I visited the British Museum with my brother this week, taking the day off on my birthday. A combination of it being the beginning of the Easter school holidays and a rainy day driving tourists and locals alike to pursue indoor leisure activities meant the museum was heaving. The dank smell of wet clothes hung in the air, even in the bright, high ceilinged central space of the Great Court.
A little Oasis of calm however, and the reason for my visit, were the galleries dedicated to a touching friendship of three men which lasted decades. Charmed Lives in Greece centers on the artists Nikos Hadjikyriakos-Ghikas and John Craxton and the writer and adventurer Patrick Leigh-Fermor.
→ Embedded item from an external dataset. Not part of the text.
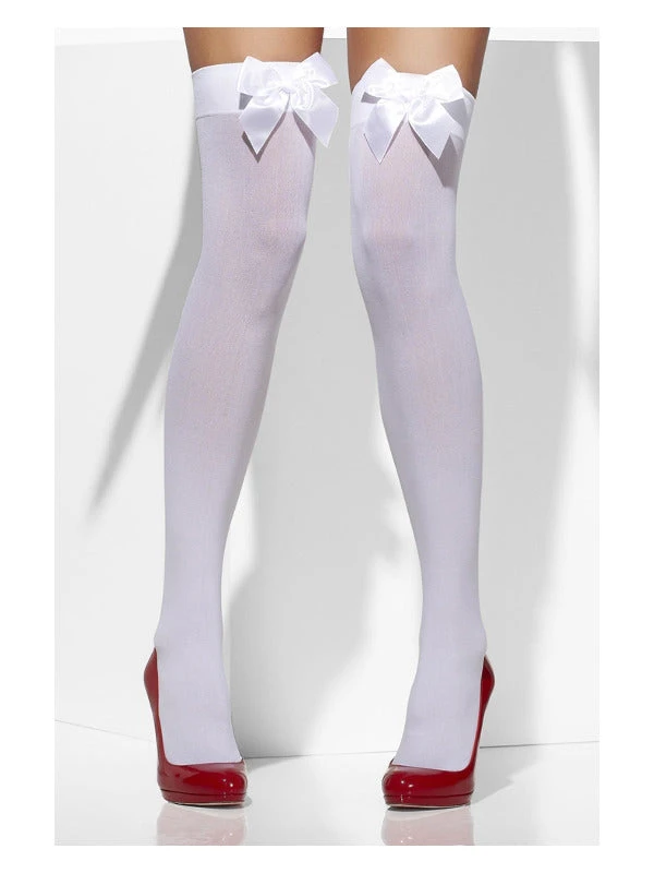 Add the perfect touch to your costume in these sexy white hold up stockings with a bow at the top! Also great for everyday wear!

They were very different in many ways, but what they shared was a lust for life, for joy and for keeping an open mind, never ceasing to learn about the world and to learn from the people they came across, be they princes or peasants. There seemed to be no arrogance about them, and both Craxton and Leigh-Fermor added themselves to that long line of those peculiarly revered eccentric English people in Greece, going back to Byron, drawn by the classics but on arrival opening their eyes to so much more. They threw themselves wholeheartedly into the society, assimilating and ingratiating themselves with the locals, learning the language, the songs and customs and becoming universally loved in their adopted country of Greece.
As well as a narrative of their individual journeys in life, it captures their times together in various parts of Greece, be it Hydra, Kardamyli, Chania or Corfu.
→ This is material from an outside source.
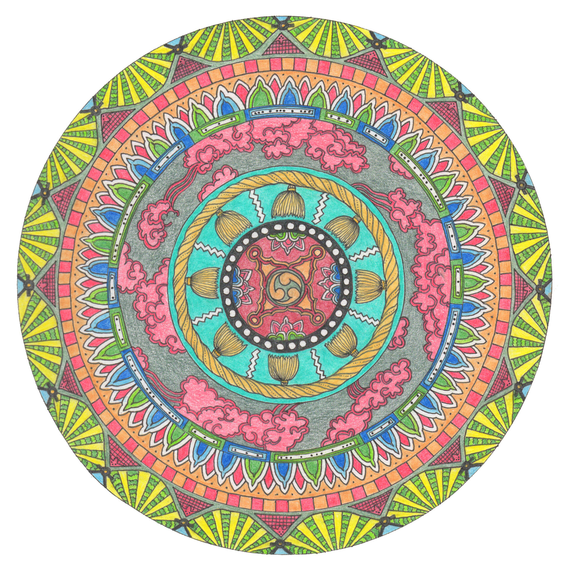 Takahara Kumano Ginja is a small temple that you pass on the first day of the Kumano Kodo pilgrimage in Japan. It's a pretty modest little shrine, which was empty on the afternoon I stopped by with a friend in mid 2017. We were fresh on the path, and so only spent a few minutes to look around, and to stamp our Kumano Kodo 'passports' with the stamp and red ink provided, before walking on. I put this mandala together from the many ornamental features of the temple. I really liked the colours of the place, and so I've tried to stay true to that in this image...

This is achieved through paintings, illustrations, photographs, letters, books with hand written dedications and personal items, such as Leigh-Fermor’s typewriter and his photographer wife Joan’s camera whose work is also well represented in this exhibition.
Ghikas’ art looks to come from within, even when painting a landscape, there is something of the inner dream about it. It feels personal, and as this short film states, he was more of an introvert compared to his English friends.
(Ghika, Trees on Poros, 1950)
And although quite similar in terms of their use of geometric forms and nods to cubism, there is an exuberance in Craxton’s work, an energy, sometimes a sexual energy, celebrating the working people of Greece, be they shepherds straining to quell sinewy goats in the mountains, or doleful sailors enjoying a meal and a cigarette in a rowdy taverna. Young men. And cats. Lots of cats, a passion he shared with Joan Leigh-Fermor (Patrick was less enthusiastic about felines). My brother was convinced he’d seen Craxton’s work before, in his Greek school study book from when he was a child. It seemed very apt and also a little subversive that these snapshots of working class life were celebrated in an otherwise cheerless textbook. I hope this is true as it’s a wonderful anecdote that the most memorable aspect of learning Greek was Craxton’s evocative art! (Neither me or my siblings are particularly proficient at Greek, we get by…)
(John Craxton, Fish Market, Poros, 1952)
Finally there’s Patrick Leigh-Fermor, the rebellious, heroic charmer who captured a German General along with his Greek resistance friends in Crete in World War 2. I’ve read “A Time of Gifts”, the first of three volumes, charting his walk from Rotterdam to Constantinople aged 18 in the early 1930s. He’s a very engaging writer, very funny and you bound along with him on his journey. Craxton illustrated / designed the covers of all his books. It’s fascinating listening to Leigh-Fermor’s voice, speaking Greek, he speaks it like a local, with poetic narrative, not a bookish classicist, it made me smile.
It’s a wonderfully diverse, touching and balanced exhibition. And it’s free. At the British Museum until the 15th July.